Bulan terbit dari lautan.
Rambutnya yang tergerai ia kibaskan.
Dan menjelang tengah malam,
wajahnya yang bundar,
menyinari gubuk-gubuk kaum gelandangan kota Jakarta.
(W.S. Rendra)
Kampung Pulo, Akhir Juli 2010
Ayub menyaksikan kobaran api melahap apa saja yang dilaluinya. Seakan memiliki mata. Api itu memilih-milih mana saja bangunan, barang, dan orang yang ia makan. Bila bangunan, gedung, atau ruko itu terdapat tulisan pribumi si api akan melengos melewatinya begitu saja. Sekarang jilatan-jilatannya sudah makin meninggi mencari mangsa di pucuk-pucuk atas yang lantainya terkunci. Tidak peduli orang-orang di dalamnya belingsatan karena panas yang membakar kulit dan jiwa mereka. Anehnya, dalam penglihatan Ayub tubuh-tubuh yang sudah gosong itu masih memiliki mata dan berkedip kepadanya. “Tolong bini anak saya Pak! Mereka nunggu di rumah, tolong…” kedua tangan tutung itu menghamburkan bau yang menyengat hidung. Hanya sejengkal jari-jari hangus itu akan menyentuh wajahnya, Ayub tersentak dari mimpi buruknya.

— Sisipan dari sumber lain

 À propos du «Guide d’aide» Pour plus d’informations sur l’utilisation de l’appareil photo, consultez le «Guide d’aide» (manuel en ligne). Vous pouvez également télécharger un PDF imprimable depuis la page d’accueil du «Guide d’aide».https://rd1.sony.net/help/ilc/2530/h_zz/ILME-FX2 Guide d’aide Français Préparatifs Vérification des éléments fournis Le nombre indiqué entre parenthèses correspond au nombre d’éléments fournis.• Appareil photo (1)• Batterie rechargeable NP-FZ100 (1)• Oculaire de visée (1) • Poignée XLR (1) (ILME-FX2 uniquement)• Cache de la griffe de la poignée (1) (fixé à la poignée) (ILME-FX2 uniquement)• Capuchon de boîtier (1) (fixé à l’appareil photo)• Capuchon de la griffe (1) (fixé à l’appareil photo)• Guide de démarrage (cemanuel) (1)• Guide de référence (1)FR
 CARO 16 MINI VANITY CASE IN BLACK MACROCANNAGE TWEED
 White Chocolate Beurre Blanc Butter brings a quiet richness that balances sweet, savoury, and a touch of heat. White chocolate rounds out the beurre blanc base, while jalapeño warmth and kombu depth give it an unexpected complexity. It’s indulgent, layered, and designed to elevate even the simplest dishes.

“Bang… istighfar Bang istighfar. Mimpi lagi?” sang istri Rukoyah menenangkan suaminya dengan perlahan. “Aye ambilin minum ya,” ujarnya lantas beranjak dari ranjang reot mereka. Ayub masih tersengal-sengal. Singlet dan rambut gondrongnya kuyup oleh keringat. Ia masih bisa merasakan degup jantungnya yang kencang. Begitu pula tangannya yang masih bergetar serta sensasi ngeri yang menggerayangi sekujur tubuhnya. Namun, hal yang paling menakutkannya malam itu adalah bayangan tangan-tangan gosong dan wajah-wajah tutung tak bertuan yang masih jelas terpatri dalam benaknya. Ayub tak sanggup lagi untuk melanjutkan tidur.

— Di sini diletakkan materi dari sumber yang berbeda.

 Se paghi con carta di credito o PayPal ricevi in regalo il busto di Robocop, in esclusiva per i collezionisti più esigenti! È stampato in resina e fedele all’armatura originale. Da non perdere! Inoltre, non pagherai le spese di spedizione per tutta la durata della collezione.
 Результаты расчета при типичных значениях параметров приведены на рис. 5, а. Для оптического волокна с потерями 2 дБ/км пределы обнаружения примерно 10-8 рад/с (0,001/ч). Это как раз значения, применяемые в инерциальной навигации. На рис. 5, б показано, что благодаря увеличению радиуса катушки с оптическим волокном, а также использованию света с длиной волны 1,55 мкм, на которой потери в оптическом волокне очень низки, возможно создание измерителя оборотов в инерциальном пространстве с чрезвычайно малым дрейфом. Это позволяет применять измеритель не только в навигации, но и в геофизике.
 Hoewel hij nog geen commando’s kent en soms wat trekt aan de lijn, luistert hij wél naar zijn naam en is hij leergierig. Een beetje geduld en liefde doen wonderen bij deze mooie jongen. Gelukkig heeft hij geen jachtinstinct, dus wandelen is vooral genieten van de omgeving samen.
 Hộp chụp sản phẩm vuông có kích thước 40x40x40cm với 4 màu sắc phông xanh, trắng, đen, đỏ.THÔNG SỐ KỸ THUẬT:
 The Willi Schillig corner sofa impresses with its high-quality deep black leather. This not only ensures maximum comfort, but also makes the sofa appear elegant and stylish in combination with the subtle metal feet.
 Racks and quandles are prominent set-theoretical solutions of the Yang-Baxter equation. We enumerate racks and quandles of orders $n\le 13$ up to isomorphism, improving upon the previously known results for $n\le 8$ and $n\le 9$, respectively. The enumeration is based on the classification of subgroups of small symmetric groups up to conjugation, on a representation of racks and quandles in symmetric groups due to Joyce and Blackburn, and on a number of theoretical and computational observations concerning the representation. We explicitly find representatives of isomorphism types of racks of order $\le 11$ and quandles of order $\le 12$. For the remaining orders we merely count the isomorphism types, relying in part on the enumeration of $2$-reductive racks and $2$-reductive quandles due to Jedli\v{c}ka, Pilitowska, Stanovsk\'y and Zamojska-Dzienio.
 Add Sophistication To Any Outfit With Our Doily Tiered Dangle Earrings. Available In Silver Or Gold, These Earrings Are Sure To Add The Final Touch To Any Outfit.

Ketika Rukoyah datang dengan segelas air putih hangat, Ayub sudah duduk di kursi plastik di dekat kasur. Membelai dan memandangi Nasyifa anak semata wayang mereka yang baru beranjak 5 tahun. Rukoyah menyodorkan air putih itu yang langsung diteguk habis oleh suaminya. “Apa tidak sebaiknya kita berobat saja Bang?” lirih Rukoyah. Sejatinya dia tahu jawaban sang suami yang selama ini selalu menolak dengan alasan yang sama: biaya. Jikalau pun mereka memiliki duit lebih, Ayub akan berkeras supaya Rukoyah menyimpannya sebagai bekal biaya TK Nasyifa nanti. Ayub menggeleng. “Gue udah bilang gak perlu Yah. Simpen buat entar sekolah Syifa,” tegasnya. “Tapi kan…” “Gak ada tapi-tapi. Gue gak mau ini dibahas lagi. Udah… orang lagi keleyengan lu suruh ngomongin duit,” Hardik Ayub seraya meninggalkan Rukoyah yang patah hati. Lagi.
Dari sepetak kamar berukuran 3x3 itulah Ayub memutuskan untuk tak lagi berurusan dengan mimpi-mimpi mengerikannya. Serta cekcok-cekcok tak berujung dengan istrinya. Ia sadar perangainya yang jelek akan dengan senang hati menelan pancingan emosi dari topik terkait uang dan pengobatan. Sesuatu yang selalu disesalinya kemudian. Ayub mengambil jaket denim lusuhnya di atas lemari dan lantas menyingkap tirai kain yang memisahkan kamar mereka bertiga dengan sebuah ruangan lain yang berukuran serupa. Ruang tersebut adalah dapur sekaligus ruang tamu, ruang berkumpul keluarga, dan gudang tempat menyimpan peralatan jahitnya. Sebuah meja kayu cokelat menampung apapun olahan Rukoyah di sana. Ayub mencomot sebuah tempe goreng yang sudah dingin sembari berjalan menuju tangga.
Kendati sudah menempati rumah kontrakan semipermanen tersebut selama 2 tahun terakhir, Ayub tidak pernah benar-benar kerasan menempatinya. Mungkin karena ia dan keluarganya hanya mengontrak, mungkin juga karena lokasinya yang jauh lebih padat dibandingkan dengan daerah jembatan Bukit Duri dimana dulu ia tinggal; sehingga terkadang suara bising tetangga yang meracau atau bercinta bisa masuk dari celah-celah temboknya yang kusam. Entahlah. Satu hal yang pasti, semenjak pindah ke sana frekuensi mimpi buruknya semakin menjadi-jadi.